>>
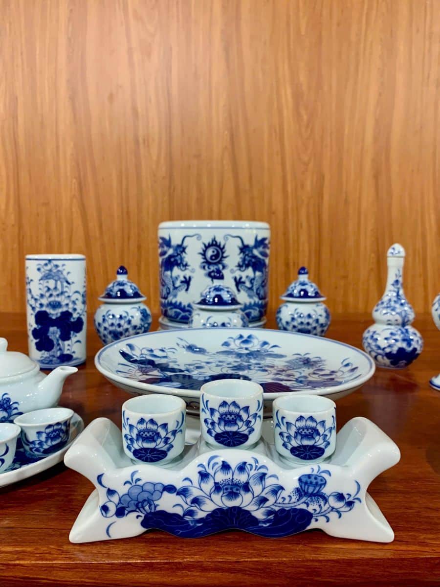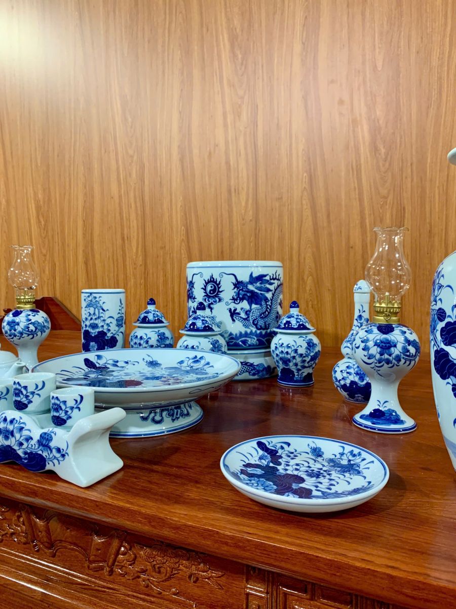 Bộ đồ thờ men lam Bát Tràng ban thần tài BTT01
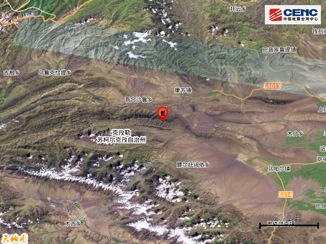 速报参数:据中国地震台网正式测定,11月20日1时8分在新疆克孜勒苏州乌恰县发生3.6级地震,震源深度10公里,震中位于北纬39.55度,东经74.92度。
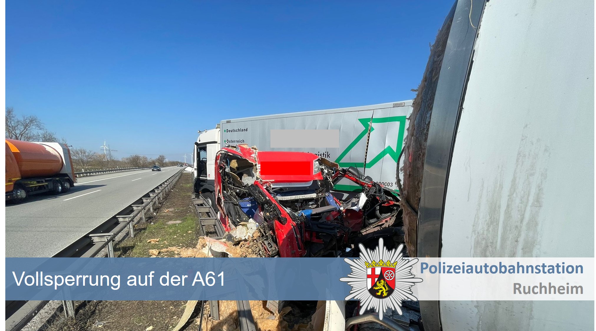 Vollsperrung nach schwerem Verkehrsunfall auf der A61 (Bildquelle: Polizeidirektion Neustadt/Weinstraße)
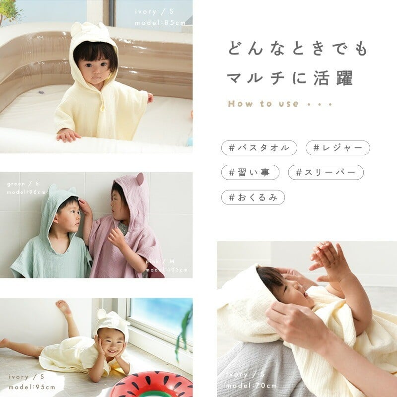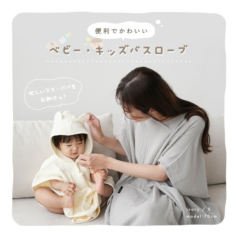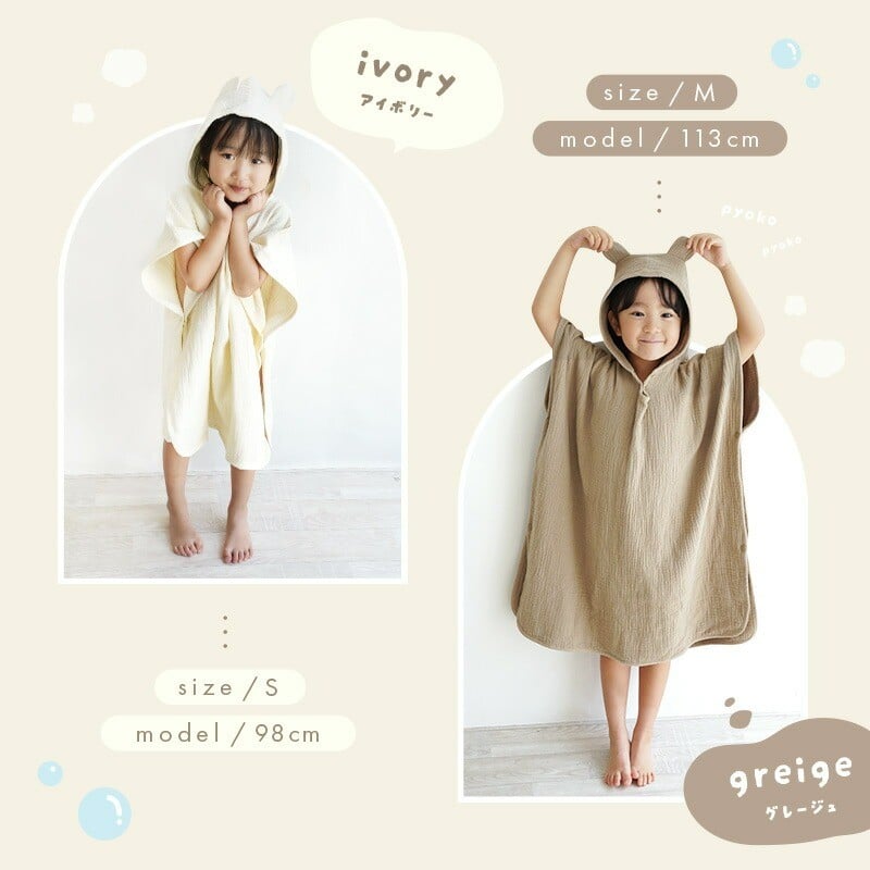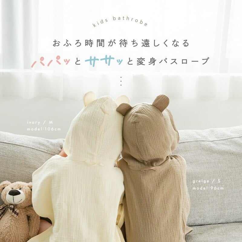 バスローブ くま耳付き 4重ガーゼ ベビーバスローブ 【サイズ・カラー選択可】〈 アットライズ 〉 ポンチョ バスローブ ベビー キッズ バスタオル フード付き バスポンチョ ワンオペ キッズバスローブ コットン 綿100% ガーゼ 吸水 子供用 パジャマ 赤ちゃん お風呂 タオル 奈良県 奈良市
<<
What the task asks
An exact copy is needed. It runs from the line above containing "速报参数:据中国地震台网正式" down to the line containing "Vollsperrung nach schwerem", both included, with no pictures.

Written reply
 速报参数:据中国地震台网正式测定,11月20日1时8分在新疆克孜勒苏州乌恰县发生3.6级地震,震源深度10公里,震中位于北纬39.55度,东经74.92度。
 Vollsperrung nach schwerem Verkehrsunfall auf der A61 (Bildquelle: Polizeidirektion Neustadt/Weinstraße)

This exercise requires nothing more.